Back in the late 1980s, my wife met a woman who was the friend of a friend. About a month later, the lady and her husband were having a get-together at their home and we were invited. There were about four or five couples there, and I was the only active-duty servicemember among the crowd.
After dinner, when I mentioned that I was a Marine, the hostess piped up that she was a Marine veteran herself.
“Really? How interesting,” I said, finding a kindred spirit. “What was your MOS?”
She was like a deer in the headlights, claimed that she wasn’t familiar with the acronym.
“You know, your Military Occupational Specialty? What did you do in the Corps?” I asked her.
“Oh, we didn’t call it that back then, maybe that’s new since I got out,” she explained. She was only about ten years older than I was, and the MOS system had been in place for about twenty to thirty years at that point, so I asked her when she had served. She said it was right after the Vietnam War. I know that April 1975 was when US military involvement ended there, so she would have been about ten to fifteen years off of active duty.
“All enlisted Marines have an MOS, some of us even have more than one. How is it that you . . . ?”
“Oh, I was an officer, not enlisted,” she said.
That’s different, I thought, and said, “I see, that’s why you didn’t have an enlisted MOS. So what did you do as an officer?”
She doubled down. “I was a nurse.” she said.
“Oh, so you were in the Navy.” I said.
“No, I was in the Marine Corps.” she answered.
Whoa, Nelly, I thought. “The Marine Corps doesn’t have nurses. Were you a Navy corpsman* who was assigned to a Marine base or to a Marine unit? Even so, that would have made you an enlisted sailor, not a Marine.”
“No,” she insisted, “I was a nurse in the Marine Corps.”
I replied, “The Marine Corps doesn’t have nurses and never has. It’s never had doctors or dentists or any other medical personnel or chaplains.

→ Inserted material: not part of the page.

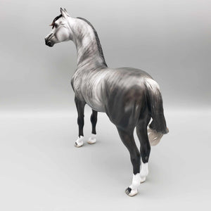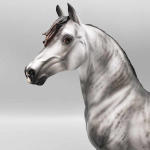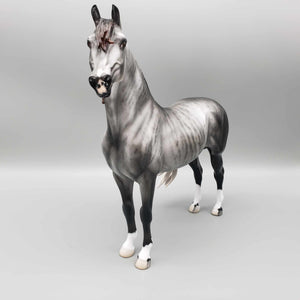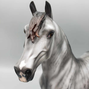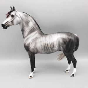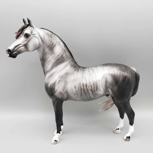 Go for a ride on the wild side with Tyrant OOAK grey skewed/ brindle Morgan! This delightful model horse collector's item by Jess Hamill for AoTH23 is sure to turn any horsin' around enthusiast's head! Show off your 'stable' sense of style and add Tyrant to your collection today!

The Marine Corps gets all of those people from the Navy, they’re assigned to the Marine Corps for temporary duty from a few weeks or months all the way up to three-year stints.” I told her.
She shrugged, “All I know is that I was never in the Navy, I was in the Marines.”
I looked toward her husband, who shrugged his shoulders. “I’m a civilian,” he said, “I don’t know anything about all that stuff. It was before I met her, and she’s always told me that’s what she did, so that’s all I know.”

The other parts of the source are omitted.